Kiele was the overwhelming favorite of Sam and Russell. Despite a half-dozen holes that the kids called "ball eaters," Kiele was perfectly playable for them from the 5,417-yard women's tees. Since every par three is between 100 and 130 yards, the kids knew they'd have several holes where they might reach the greens in regulation and have chances for pars or bogeys. Kiele also has red-tee par fours of just 295, 280, 279 and 255 yards, though others are as long as 380. By the back nine, Sam was hitting his drives so confidently that his delighted dad suddenly realized he might have acquired a partner for life.

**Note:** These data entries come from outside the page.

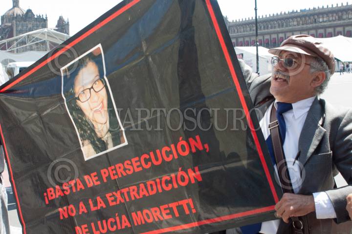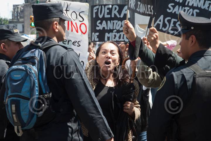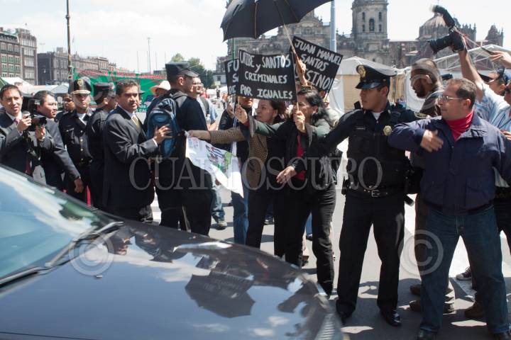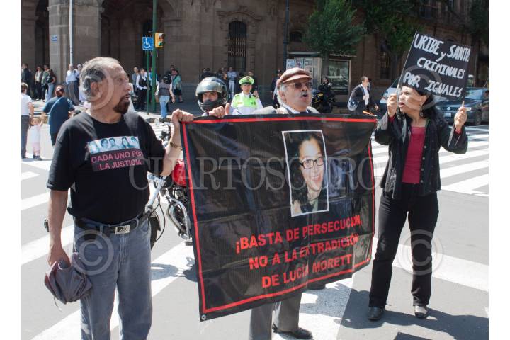 MÉXICO, D.F. 02AGOSTO2011.- Rita del Castillo, madre del estudiante Juan González del Castillo asesinado en Ecuador tras un bombardeo del gobierno colombiano a un campamento de las FARC, se manifestó afuera del Palacio de Gobierno, en donde el Presidente de Colombia Juan Manuel Santos recibió las llaves de la ciudad. FOTO: MOISÉS PABLO/CUARTOSCURO.COM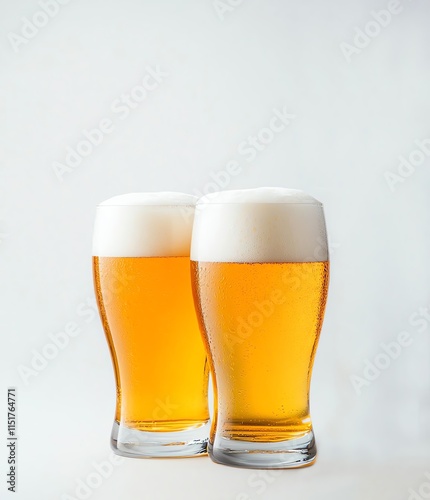 Two frosty glasses of amber beer with generous foam heads, isolated on a white background, highlighting their refreshing texture and appeal.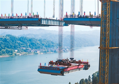 8月3日,由湖南路橋建設集團承建的張官高速控制性工程洞庭溪沅水特大橋主橋順利合龍,為2026年全線通車奠定堅實基礎。張官高速公路北起張家界市永定區,南至懷化市沅陵縣官莊鎮,是國家高速公路網呼和浩特—北海高速公路的重要組成部分。圖為大橋施工現場,一塊鋼混結合梁在被緩緩提升。新華社記者 陳思汗攝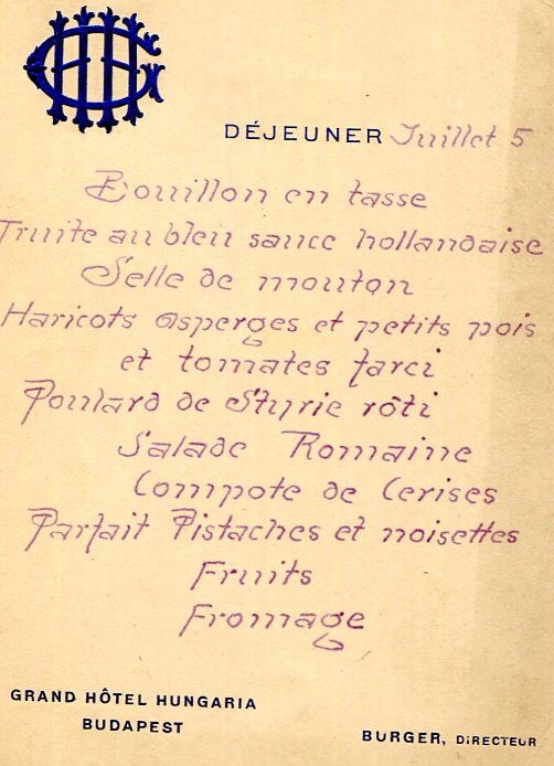 Hungary Budapest Grand Hotel Hungaria Menu 1922
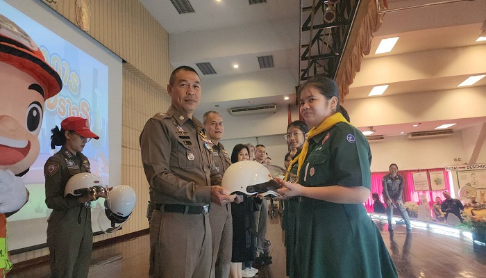 พร้อมกันนี้ยังมีกิจกรรมแจกหมวกนิรภัย ส่งต่อความปลอดภัยสู่เด็กไทยในช่วงนักเรียนที่โดยสารมาโรงเรียนด้วยรถจักรยานยนต์ได้สวมใส่เพื่อเป็น “เกราะป้องกันภัย” ใบแรกให้เยาวชนไทยยุคใหม่ และเป็นจุดเริ่มต้นสำคัญในการป้องกันอุบัติเหตุและเกิดอันตรายในระหว่างที่อยู่บนท้องถนน และยังมีกิจกรรมการข้ามทางม้าลายที่ถูกต้องและปลอดภัย รวมไปถึงการปฐมพยาบาลเบื้องต้นในกรณีอาหารติดคอ โดยวิทยากรจาก บก.จร.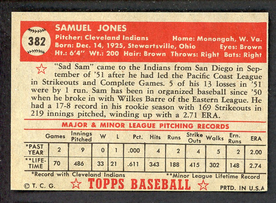1952 Topps Baseball #382 Sam Jones Indians EX-MT 546904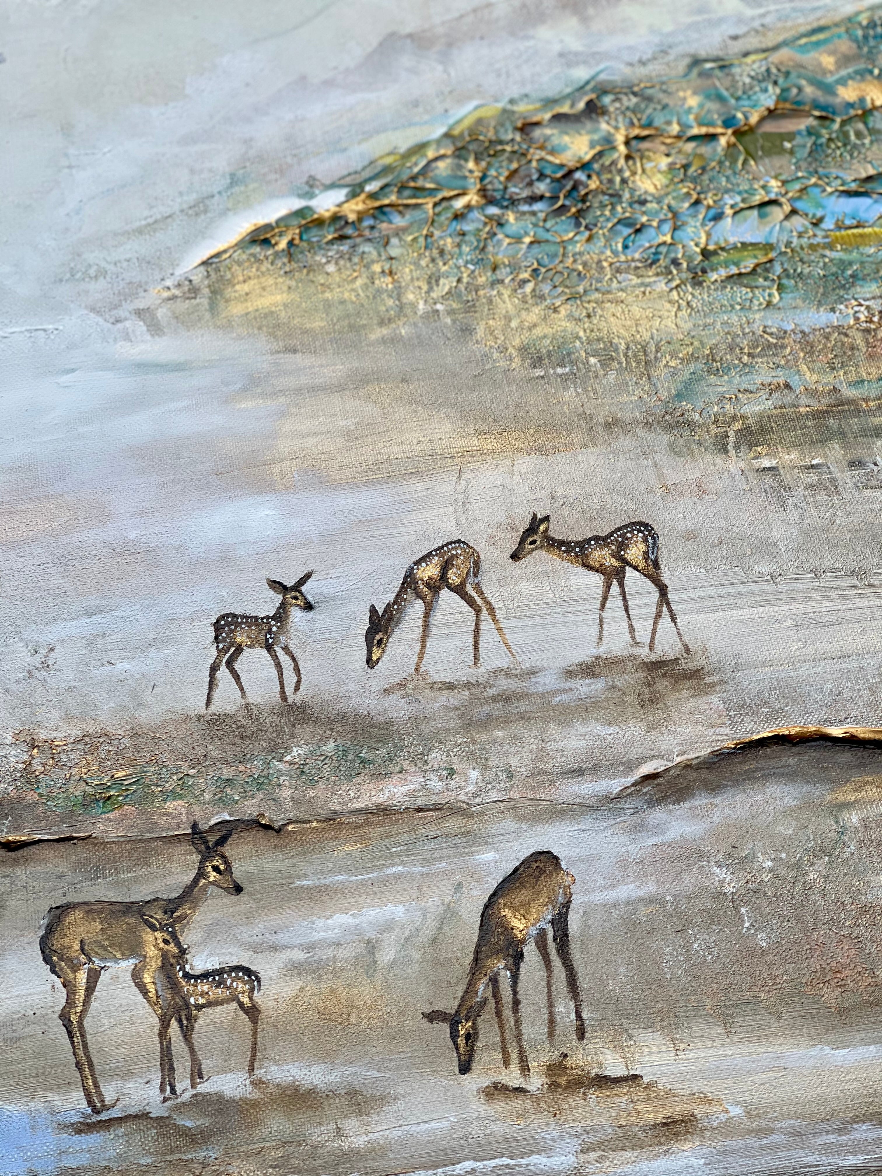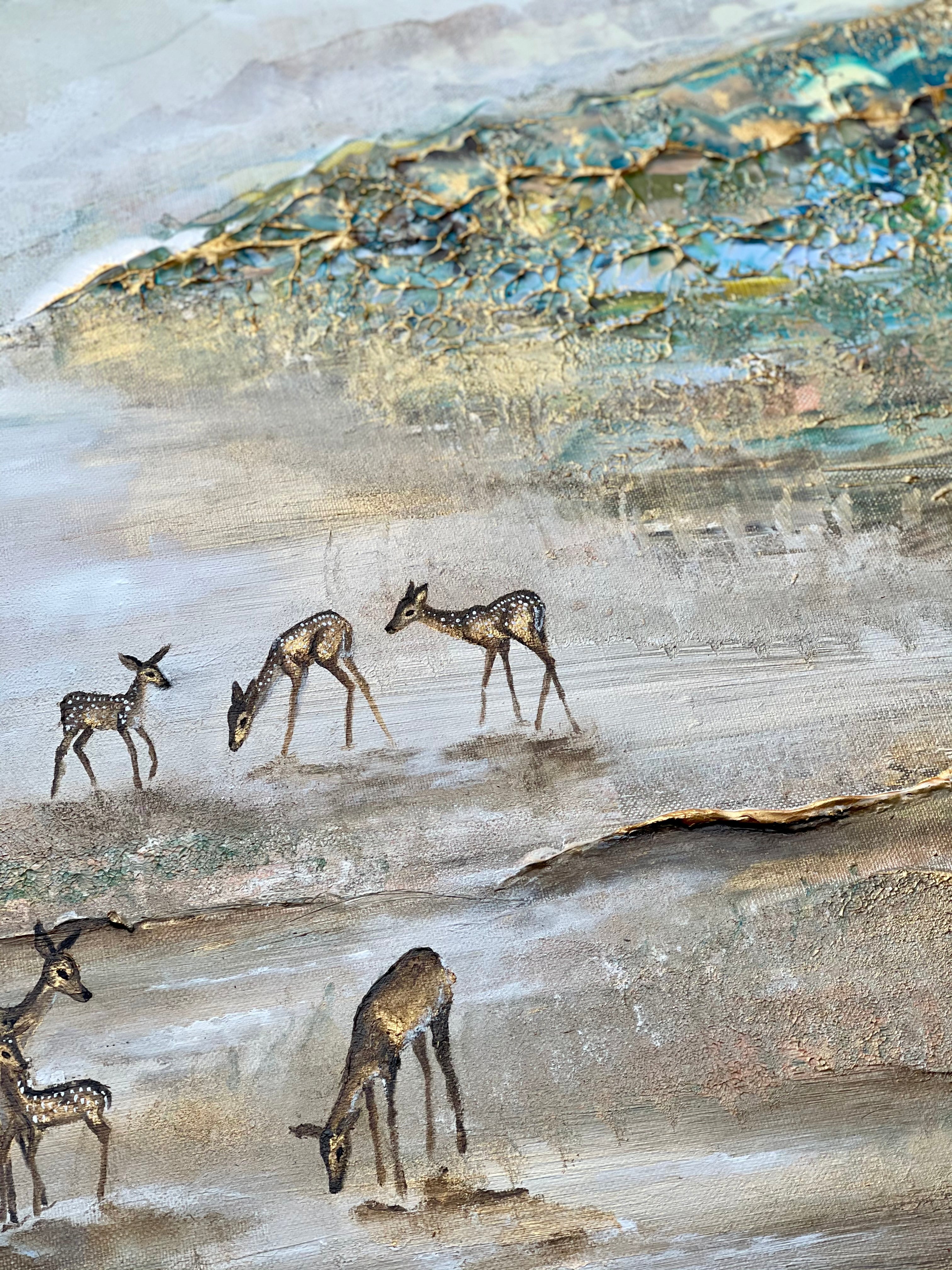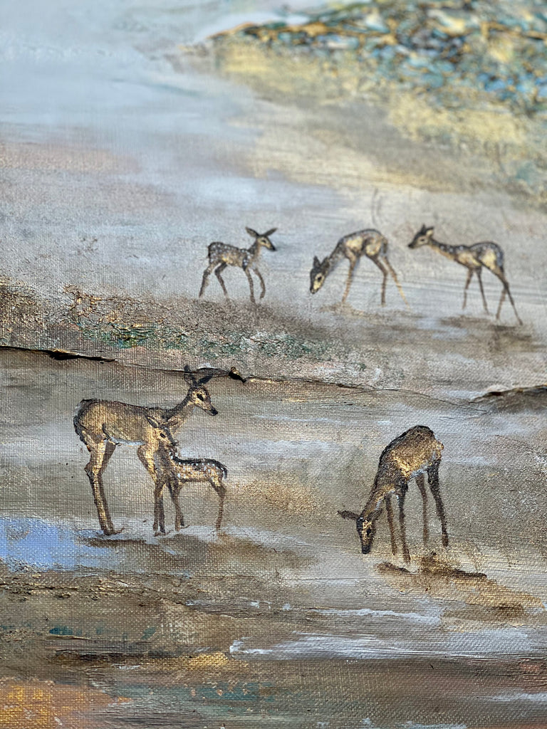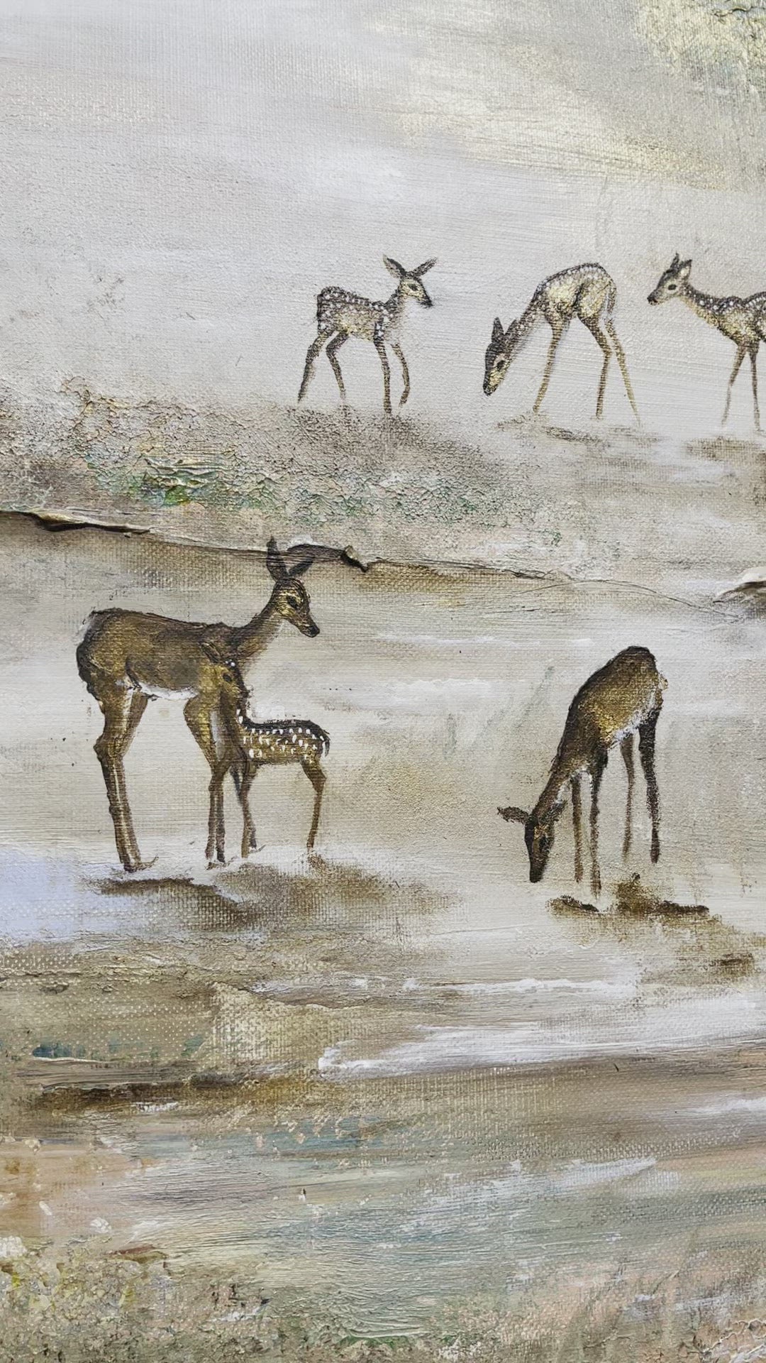 Inspirert av det vakre miljøet på Solhaga, Åkersberga. Det er noe spesielt med hjort og deres ro. Jeg elsker å male dem og synes de bringer så mye harmoni til maleriene mine. Hva tror du?🦌

Kiele actually seemed to increase the boys' confidence, especially the superb greens, sometimes praised as the best in Hawaii. Kids know quality. "These greens are smoother than the other courses," said Sam, who didn't yet understand that you aren't supposed to sink a forty-foot seagoer every round. So he just lined up, fired away and kept doing it.

The drive from Poipu Bay to Kiele takes you from a superior seaside links to a kind of Nicklaus ode to heavenly Hawaiian golf moderation--not too hard, not too easy, totally spectacular. But when you head north, hold on to your ego. The forty-five-minute drive from Kiele to Princeville is like traveling to another golf planet. The Prince is out of this world.

Tiger Woods has called the Prince one of the best courses in the world. Many experts rank it in America's top fifty, as well as number one in Hawaii. Perhaps nowhere are there as many thrilling shots in a span of eighteen holes. If I were a scratch golfer, the Prince might be my favorite course--anywhere. However, my idea of a fine day on a tough course is eighties, not seventies, and if put under enough pressure, my game can fall apart.

The Prince is pure pressure. The tension starts on one as you stand on a mountain, look down at a sliver of fairway carved out of the tropics and realize that, thanks to a double dogleg, a prevailing crosswind, a nasty creek and a gorge, you have no idea where you're going or how you're supposed to get there. You think, And this might be what--a par eleven, perhaps?Actually, just a par four. But you won't make four. Believe me.

All around the Prince, I rhapsodized in the rain. Look at this eye-popping par four with the tee elevated a hundred feet above the fairway! Have you ever seen a more dramatic par five than this monster, where you have to hit over two chasms deep enough to conceal a family of T-rexes?Every time I'd go off on such a riff, Paul would say, "You love it because you're playing your best. If you hit the ball like you did yesterday, you'd have quit by now."

Almost every hole at the Prince has some disgustingly enviable view of Bali Hai, the sweeping Anini Beach or Queen Emma's Bluffs. However, the first four holes of the back nine stay locked in your mind like Amen Corner or the seventh through tenth holes along the cliffs at Pebble Beach.